Proportion of images that are COVID-19 Positve Images: 0.73
Proportion of images that are COVID-19 Negative Images: 0.27


In [7]:
round(len(imgs_pneu)/len(imgs_non_pneu),1)

2.7

In [22]:
new_dir = 'data/split/'
org_pneu = 'data/PNEUMONIA/'
org_norm = 'data/NORMAL/'

In [11]:
os.mkdir(new_dir)

In [19]:
train_folder = os.path.join(new_dir, 'train')
train_pneu = os.path.join(train_folder, 'PNEUMONIA')
train_non_pneu = os.path.join(train_folder, 'NORMAL')

test_folder = os.path.join(new_dir, 'test')
test_pneu = os.path.join(test_folder, 'PNEUMONIA')
test_non_pneu = os.path.join(test_folder, 'NORMAL')

val_folder = os.path.join(new_dir, 'val')
val_pneu = os.path.join(val_folder, 'PNEUMONIA')
val_non_pneu = os.path.join(val_folder, 'NORMAL')

In [13]:
os.mkdir(train_folder)
os.mkdir(train_pneu)
os.mkdir(train_non_pneu)

os.mkdir(val_folder)
os.mkdir(val_pneu)
os.mkdir(val_non_pneu)

os.mkdir(test_folder)
os.mkdir(test_pneu)
os.mkdir(test_non_pneu)

In [14]:
random.shuffle(imgs_pneu)
random.shuffle(imgs_non_pneu)

In [20]:
print("Train pneumonia should have", round(len(imgs_pneu)*0.6),"images")
print("Validation pneumonia should have", round(len(imgs_pneu)*0.2),"images")
print("Test pneumonia should have", round(len(imgs_pneu)*0.2),"images")
print("Train pneumonia should have", round(len(imgs_non_pneu)*0.6),"images")
print("Validation pneumonia should have", round(len(imgs_non_pneu)*0.2),"images")
print("Test pneumonia should have", round(len(imgs_non_pneu)*0.2),"images")

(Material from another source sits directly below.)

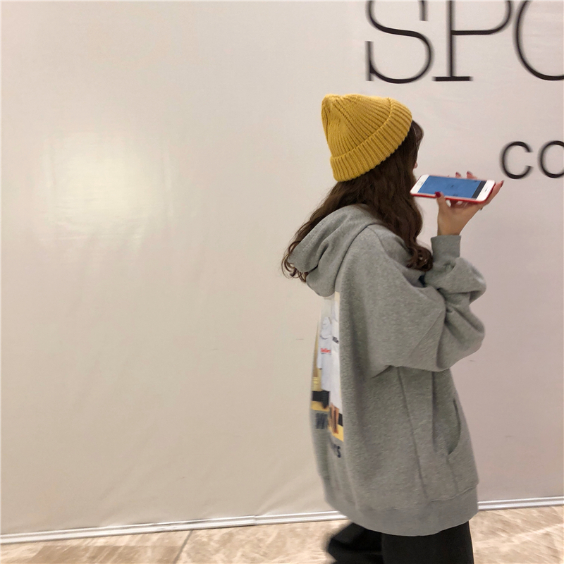 / 2018新款秋冬韓版寬松原宿風卡通字母連帽加絨加厚超火衛衣外套女

Train pneumonia should have 2564 images
Validation pneumonia should have 855 images
Test pneumonia should have 855 images
Train pneumonia should have 950 images
Validation pneumonia should have 317 images
Test pneumonia should have 317 images


In [23]:
# train pneumonia
imgs = imgs_pneu[:2564]
for img in imgs:
    origin = os.path.join(org_pneu, img)
    destination = os.path.join(train_pneu, img)
    shutil.copyfile(origin, destination)
    
# validation pneumonia
imgs = imgs_pneu[2564:3419]
for img in imgs:
    origin = os.path.join(org_pneu, img)
    destination = os.path.join(val_pneu, img)
    shutil.copyfile(origin, destination)

# test pneumonia
imgs = imgs_pneu[3419:]
for img in imgs:
    origin = os.path.join(org_pneu, img)
    destination = os.path.join(test_pneu, img)
    shutil.copyfile(origin, destination)

In [24]:
# train non-pneumonia
imgs = imgs_non_pneu[:950]
for img in imgs:
    origin = os.path.join(org_norm, img)
    destination = os.path.join(train_non_pneu, img)
    shutil.copyfile(origin, destination)
    
# validation non-pneumonia
imgs = imgs_non_pneu[950:1267]
for img in imgs:
    origin = os.path.join(org_norm, img)
    destination = os.path.join(val_non_pneu, img)
    shutil.copyfile(origin, destination)
    
# test non-pneumonia
imgs = imgs_non_pneu[1267:]
for img in imgs:
    origin = os.path.join(org_norm, img)
    destination = os.path.join(test_non_pneu, img)
    shutil.copyfile(origin, destination)

In [25]:
print('There are', len(os.listdir(train_pneu)), 'pneumonia images in the training set')
print('There are', len(os.listdir(val_pneu)), 'pneumonia images in the validation set')
print('There are', len(os.listdir(test_pneu)), 'pneumonia images in the testing set')
print('There are', len(os.listdir(train_non_pneu)), 'non-pneumonia images in the training set')
print('There are', len(os.listdir(val_non_pneu)), 'non-pneumonia images in the validation set')
print('There are', len(os.listdir(test_non_pneu)), 'non-pneumonia images in the testing set')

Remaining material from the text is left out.